- **Task goal**
Exact reproduction is required for the lines below starting at the line with "Easy to wear, and" and ending at the line with "Джинсовая куртка Aries", both included. No other lines, and no pictures.

- **Data**
++++++++
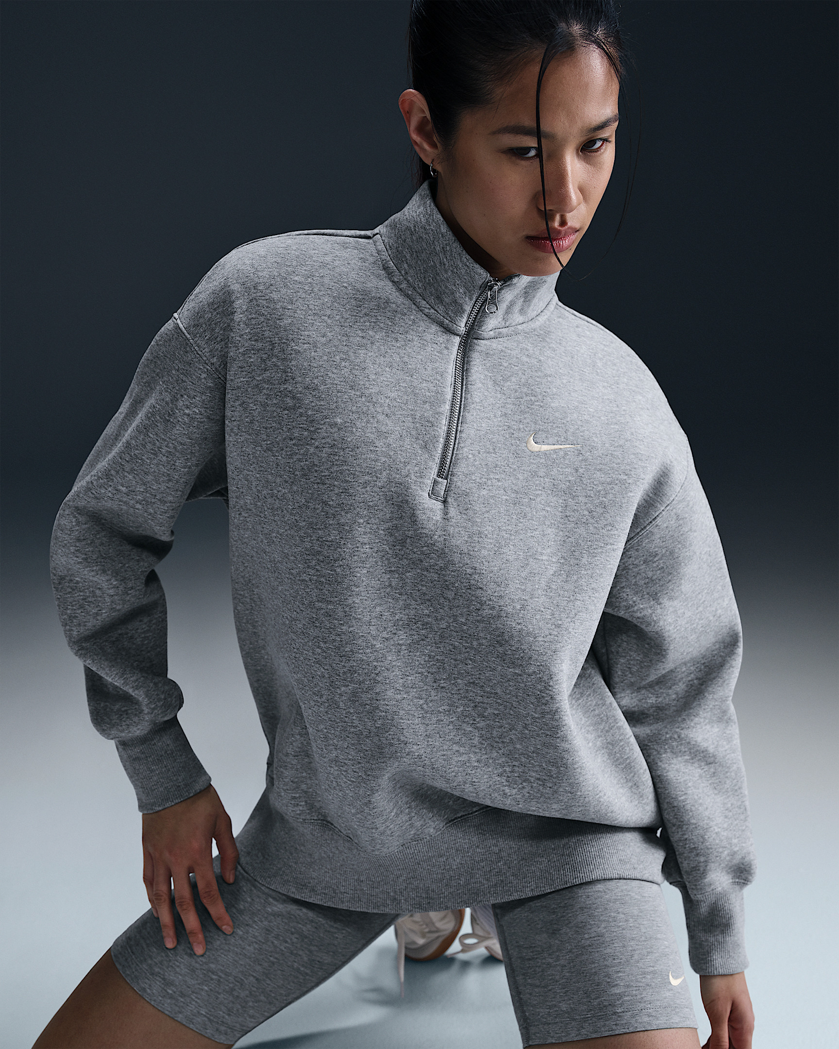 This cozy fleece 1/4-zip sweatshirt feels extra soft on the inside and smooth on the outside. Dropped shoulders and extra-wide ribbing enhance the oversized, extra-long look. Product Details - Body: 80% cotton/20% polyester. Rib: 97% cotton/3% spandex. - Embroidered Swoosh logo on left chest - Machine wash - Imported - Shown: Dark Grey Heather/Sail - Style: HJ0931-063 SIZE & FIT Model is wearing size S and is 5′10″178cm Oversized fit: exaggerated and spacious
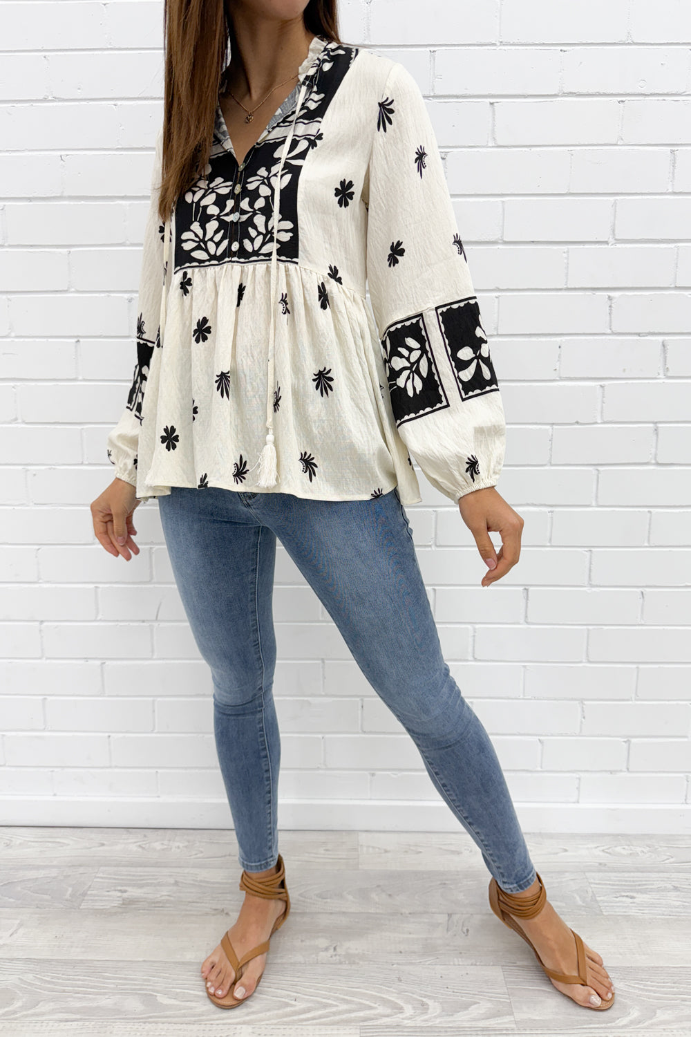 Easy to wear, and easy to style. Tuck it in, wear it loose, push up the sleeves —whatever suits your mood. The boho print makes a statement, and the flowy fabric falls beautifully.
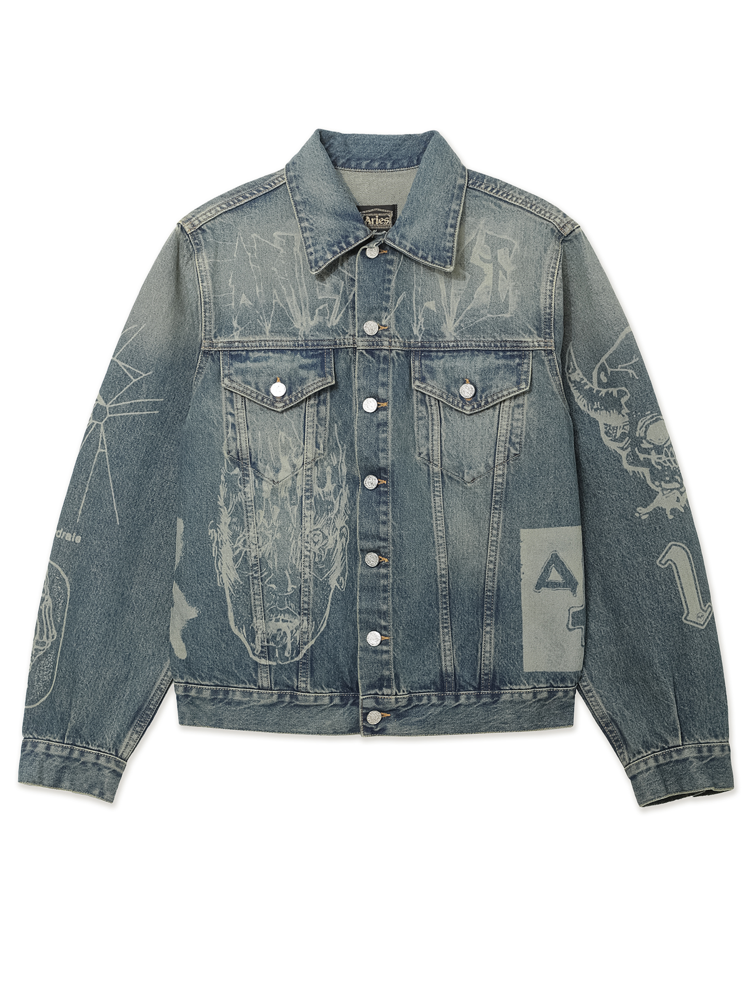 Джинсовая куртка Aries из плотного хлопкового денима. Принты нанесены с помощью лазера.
++++++++
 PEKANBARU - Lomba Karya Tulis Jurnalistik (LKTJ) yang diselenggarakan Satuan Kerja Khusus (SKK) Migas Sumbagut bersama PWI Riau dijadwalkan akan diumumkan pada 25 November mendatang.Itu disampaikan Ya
++++++++
- **Result of this task**
 Easy to wear, and easy to style. Tuck it in, wear it loose, push up the sleeves —whatever suits your mood. The boho print makes a statement, and the flowy fabric falls beautifully.
 Джинсовая куртка Aries из плотного хлопкового денима. Принты нанесены с помощью лазера.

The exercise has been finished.